The experience of all countries into which this disease has gained access appears to prove that there is only one way of getting rid of it—namely, the immediate killing of all infected cattle, and the thorough disinfection of the premises in which they are found.

The disease is purely infectious, and is never found in regions where it has not gained a foothold by importation. Palliative measures have in every instance failed to eradicate the disease, and are only justifiable, as in Australia, after the plague has reached dimensions utterly beyond the reach of any process of extermination.

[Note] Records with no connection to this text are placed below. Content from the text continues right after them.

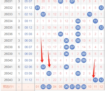 上图是体彩大乐透后区开奖号码走势分布图,我标注出来的红色箭头表示右边这个数字最近连续三期开出的都是偶数数字,很明显右边这个数字最近十几期开出的偶数多,那么本期右边这个数字可以关注出奇数数字,那么右边这个数字的范围就是03 05 07 09 11。
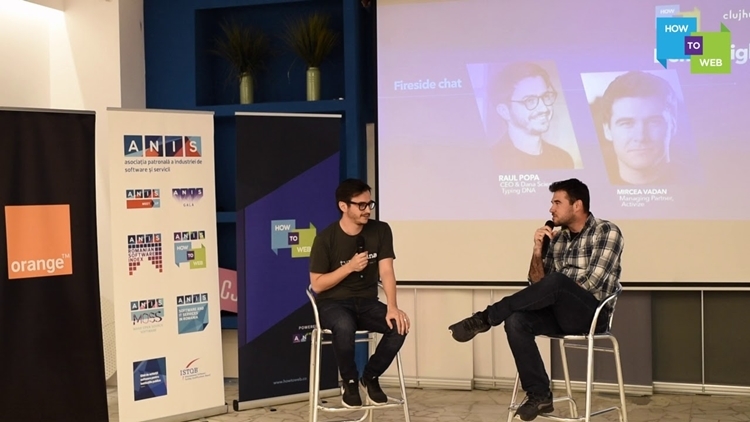 CEO của TypingDNA - Raul Popa (trái) chia sẻ về nền tảng nhận diện cá nhân qua cách đánh máy tại một sự kiện. |
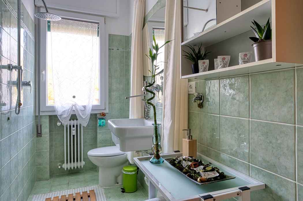 Il bagno emana un'atmosfera serena e rilassante, grazie al suo design minimale e i toni naturali. La grande finestra inonda lo spazio di luce naturale, regalando una sensazione di luminosità e leggerezza. Le pareti rivestite con piastrelle verde oliva conferiscono una tonalità calma e rassicurante, mentre i sanitari e i piani d'appoggio bianchi offrono un contrasto elegante.
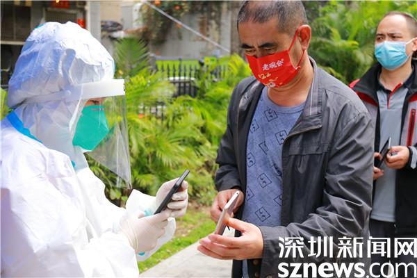 從2月17日開始,劉曉勇加入安保公司,被派到羅湖區(qū)東曉街道支援疫情防控工作,至今已有13天,13天里,他跟隨隊伍轉(zhuǎn)遍了東曉街道各個核酸檢測點,從分流人群、維持秩序,到掃碼、引導居民操作、核酸檢測點布置、采樣結束收尾……對每個流程都了如指掌;13天里,他每天工作十幾個小時,從早上九點到晚上十點、十一點,只在中午輪班吃飯的時候有十幾分鐘休息時間。

Professor Law, of Cornell University, one of our best informed veterinary surgeons, most emphatically opposes every attempt to control the disease by quarantining the sick or by the inoculation of the healthy. "We may quarantine the sick," he says, "but we cannot quarantine the air." To establish quarantine yards is simply to maintain prolific manufacturers of the poison, which is given off by the breath of the sick, and by their excretions, to such an extent that no watchfulness can insure against its dissemination. Besides, the expense of thorough quarantining operations would amount to more than the value of the infected animals whose lives might be saved thereby. Inoculation is still less to be tolerated at this stage of the pest.

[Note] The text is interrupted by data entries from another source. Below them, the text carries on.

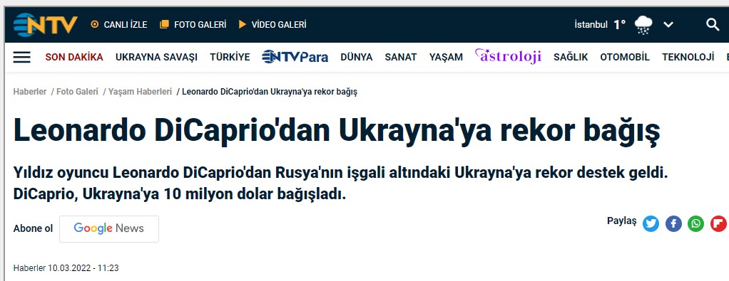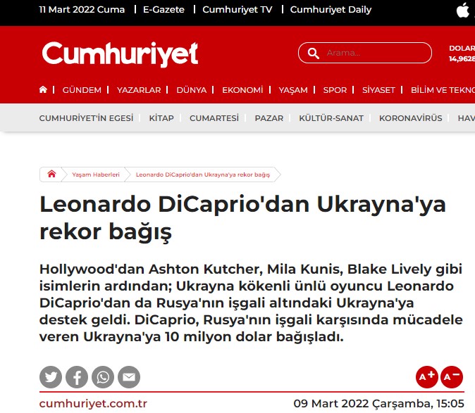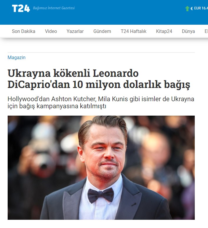 Ukrayna-Rusya krizi devam ederken gündeme gelen iddialardan birine göre ünlü oyuncu Leonardo DiCaprio’nun Ukrayna’ya 10 milyon dolar bağış yaptı. İddia, haber mecralarında ve sosyal medyada çokça paylaşıldı. Bağışın Uluslararası Visegrad Fonu üzerinden yapıldığı ve Visegard Fonu’nun DiCaprio’nun bağış yaptığını açıkladığı söylendi.
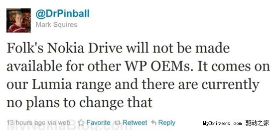 很顯然,對于駕駛導航被破解的事情,諾基亞已經(jīng)有所耳聞。今天該公司公關(guān)部門主管在Twitter上表示,不會也不計劃讓Nokia Drive與其它廠商共享,并聲稱會盡全力制止一切移植他們特色服務(wù)的活動。
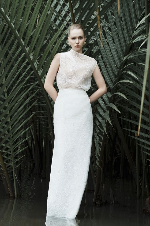 Leaf Pattern Midi Women's Skirt Side Slit ALETHEA ASYMMEKIC SKIRT 72%Viscose 28%Polyester Spring Summer 2025 Women Clothing
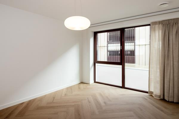 De woonkamer is licht dankzij de grote ramen. Vanuit hier stap je direct het ruime balkon op om even te genieten van de buitenlucht. De open keuken is strak afgewerkt en volledig uitgerust met inbouwapparatuur: vaatwasser, combi-oven, inductiekookplaat, koelkast en voldoende kastruimte.
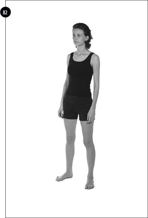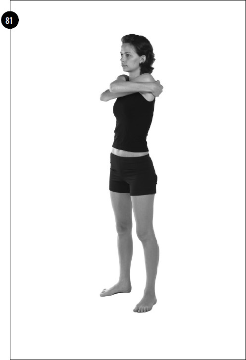 Сделав втяжку живота, принимайте основное положение — стоя, ноги на ширине плеч. Руками обхватите себя за плечи, при этом старайтесь сильно напрячь мышцы груди. Сначала сверху находится правая рука, как это показано на рисунке 81. Держать объятия нужно только на втяжке живота, как только вы сделали вдох, расслабьтесь и примите исходное положение (см. рис. 82). Выполните упражнение три раза. Затем поменяйте положение рук, повторите упражнение три раза.

The Professor says: "Germany, Holland, Belgium, France, and England, have been treating the victims of this plague for nearly half a century, but the result has only been the increase of disease and death. Our own infected States have been treating it for a third of a century, and to-day it exists over a wider area than ever before. Contrast this with the results in Massachusetts and Connecticut, where the disease has been repeatedly crushed out at small expense, and there can be no doubt as to which is the wisest course. As all the plagues are alike in the propagation of the poison in the bodies of the sick, I may be allowed to adduce the experience of two adjacent counties in Scotland when invaded by the rinderpest. Aberdeen raised a fund of £2,000, and though she suffered several successive invasions, she speedily crushed out the poison wherever it appeared by slaughtering the sick beasts and disinfecting the premises. The result was that little more than half the fund was wanted to reimburse the owners for their losses, and the splendid herds of the county were preserved. Forfar, on the other hand, set herself to cure the plague, with the result of a universal infection, the loss of many thousands of cattle, and the ruin of hundreds of farmers. Finally the malady was crushed out in the entire island by the method adopted by Aberdeen and other well advised counties at the outset."

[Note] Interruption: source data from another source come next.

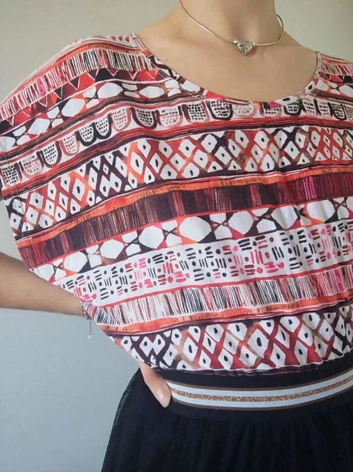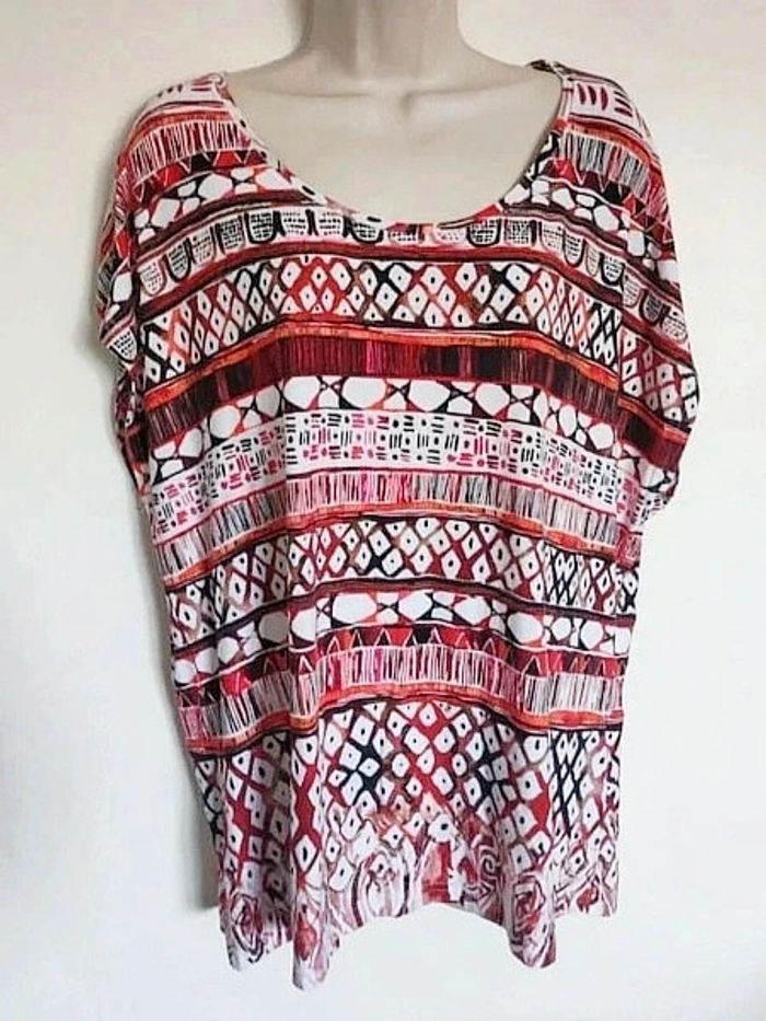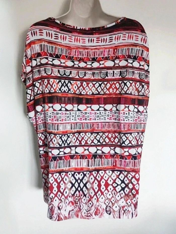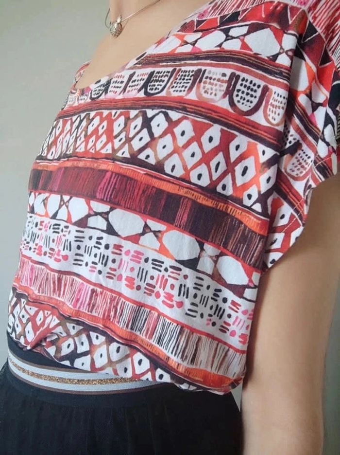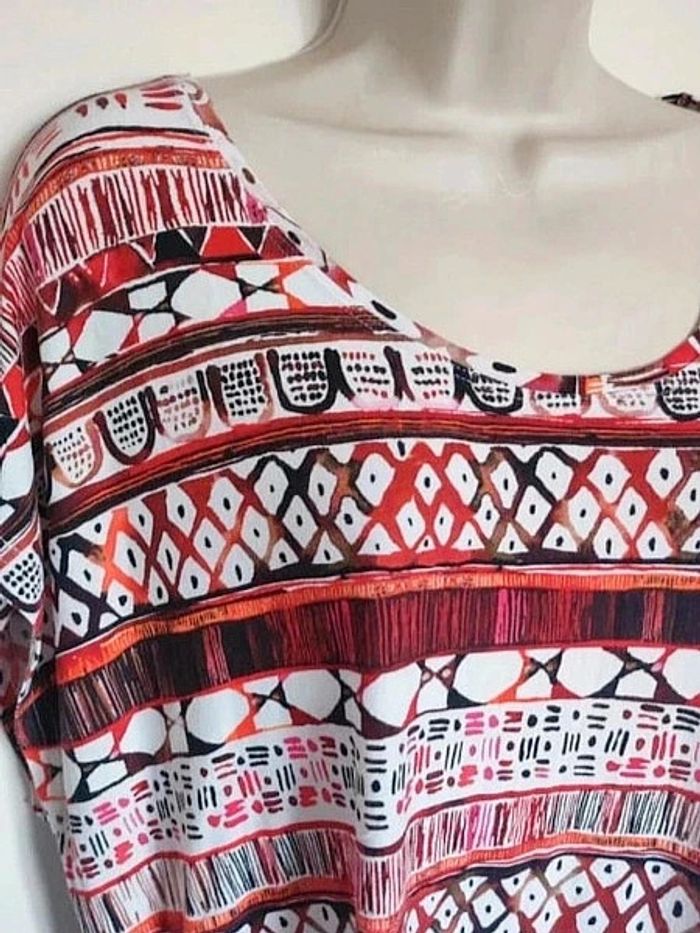 Tee-shirt imprimé aztèque rouge blanc noir / Christine Laure - 38/M oversize à 46/XXXL - photo numéro 9
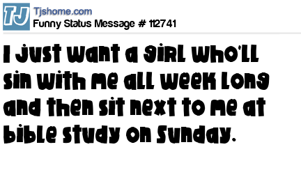 X says I just want a girl who'll sin with me all week long and then sit next to me at bible study on Sunday.
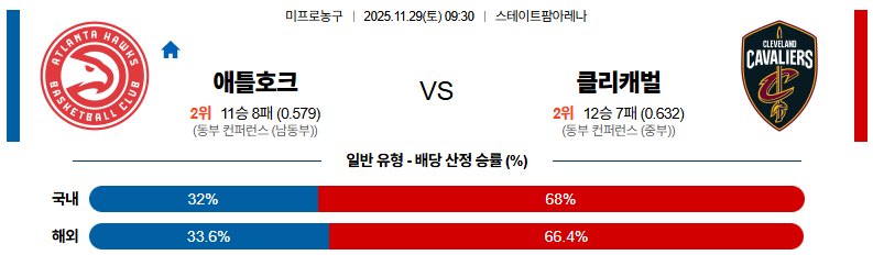 11월29일 애틀랜타:클리블랜드 NBA 분석 및 예측 스포츠중계:스포츠무료중계
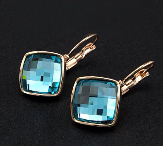 Arracada con cristal de cuadro y mini swarovskis dobles alrededor

And again, "Cattle have been inoculated by the tens of thousands in Belgium and Holland, and of all Europe these are the countries now most extensively infected. France, Prussia, Italy, Austria, and England have each practiced it on a large scale, and each remains a home of the plague. Australia has followed the practice, and is now and must continue an infected country. Our own infected States have inoculated, and the disease has survived and spread in spite of it, and even by its aid. Whatever country has definitively exterminated the plague (Norway, Sweden, Denmark, Holstein, Mecklenburg, Switzerland, Massachusetts, and Connecticut), that country has prohibited inoculation and all other methods that prevail on the principle of preserving the sick, and has relied on the slaughter of the infected and the thorough disinfection of their surroundings. So will it be with us. If any State adopts or allows any of these temporizing measures, that State will only repeat the experience of the past alike in the Old World and the New, will perpetuate the disease in the country, will entail great losses on its citizens, will keep up the need for constant watchfulness and great expense by the adjoining States for their own protection, and will indefinitely postpone the resumption of the foreign live stock trade, which, a few months ago, promised to be one of the most valuable branches of our international commerce."

We are persuaded that the position taken by Professor Law, and other similar-minded veterinary surgeons, is the only safe one. The disease can be stamped out now with comparatively small loss. If trifled with, and tolerated, it cannot but result in a great national calamity.